**Stored data**:
*** Begin section ***

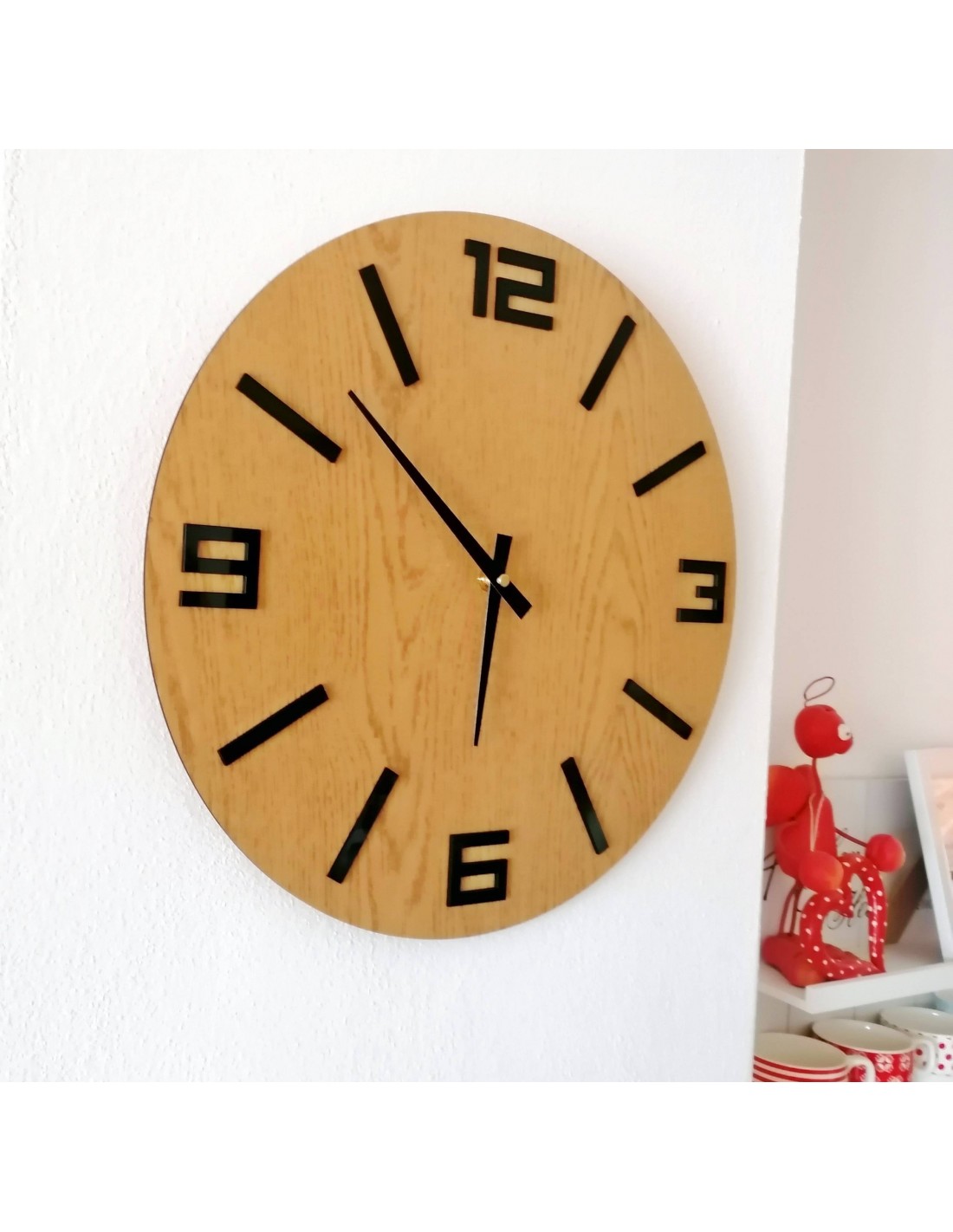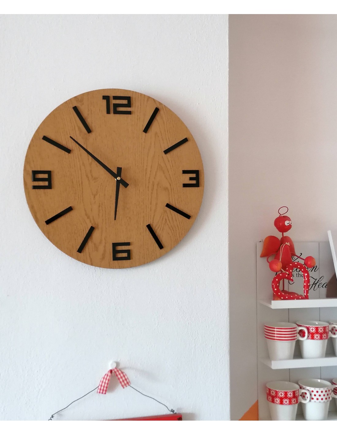 - Drewniane wskazówki: wskazówka godzinowa: 11 cm, wskazówka minutowa: 14 cm
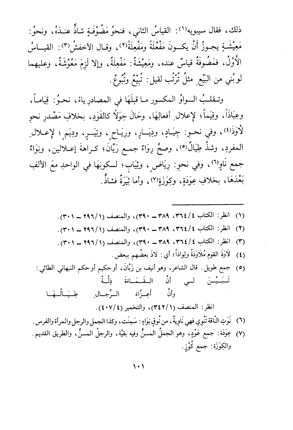 وتقلب الْوَاو المكسور مَا قبلهَا فِي المصادر يَاء نَحْو قيَاما وعياذا وقيما لإعلال أفعالها وَحَال حولا كالقود بِخِلَاف مصدر نَحْو لاوذ وَفِي نَحْو جِيَاد وديار ورياح وتير وديم لإعلال الْمُفْرد وشذ طيال وَصَحَّ رواء جمع رَيَّان كَرَاهَة إعلالين ونواء جمع ناو وَفِي نَحْو رياض وَثيَاب لسكونها فِي الْوَاحِد مَعَ الْألف بعْدهَا بِخِلَاف عودة وكوزة وَأما ثيرة فشاذ
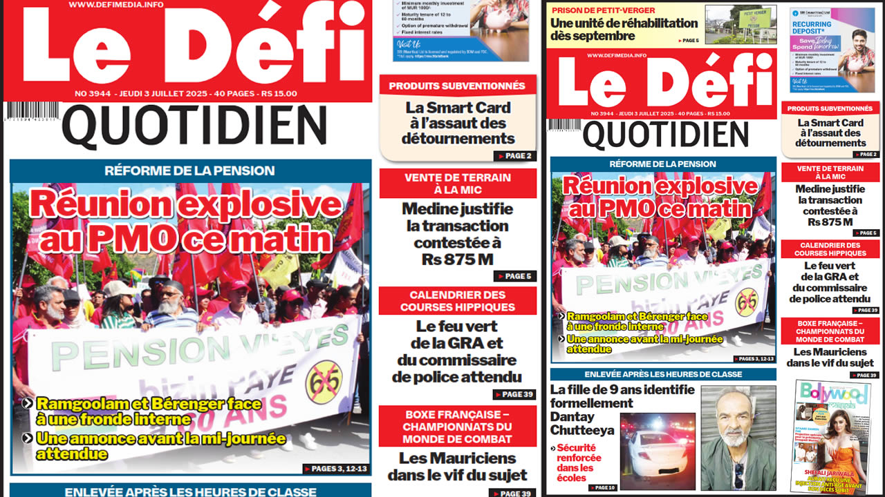 ? Voici la Une du Défi Quotidien. Le journal est en vente à Rs 15 l'exemplaire aux endroits habituels (supermarchés, boutiques, tabagies, superettes). Bonne lecture !
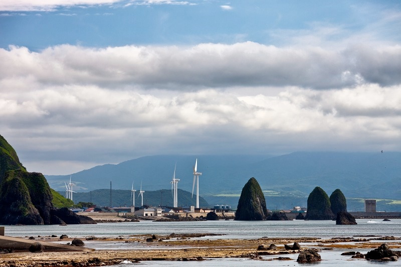 そうこの奇妙な風景が瀬棚の街です。風車と、三本杉と言われる奇岩の街です。

*** End section ***

**Action item**: Every line of the listing above is to be repeated exactly, with its pictures left out.

**Exercise solution**:
 - Drewniane wskazówki: wskazówka godzinowa: 11 cm, wskazówka minutowa: 14 cm
 وتقلب الْوَاو المكسور مَا قبلهَا فِي المصادر يَاء نَحْو قيَاما وعياذا وقيما لإعلال أفعالها وَحَال حولا كالقود بِخِلَاف مصدر نَحْو لاوذ وَفِي نَحْو جِيَاد وديار ورياح وتير وديم لإعلال الْمُفْرد وشذ طيال وَصَحَّ رواء جمع رَيَّان كَرَاهَة إعلالين ونواء جمع ناو وَفِي نَحْو رياض وَثيَاب لسكونها فِي الْوَاحِد مَعَ الْألف بعْدهَا بِخِلَاف عودة وكوزة وَأما ثيرة فشاذ
 ? Voici la Une du Défi Quotidien. Le journal est en vente à Rs 15 l'exemplaire aux endroits habituels (supermarchés, boutiques, tabagies, superettes). Bonne lecture !
 そうこの奇妙な風景が瀬棚の街です。風車と、三本杉と言われる奇岩の街です。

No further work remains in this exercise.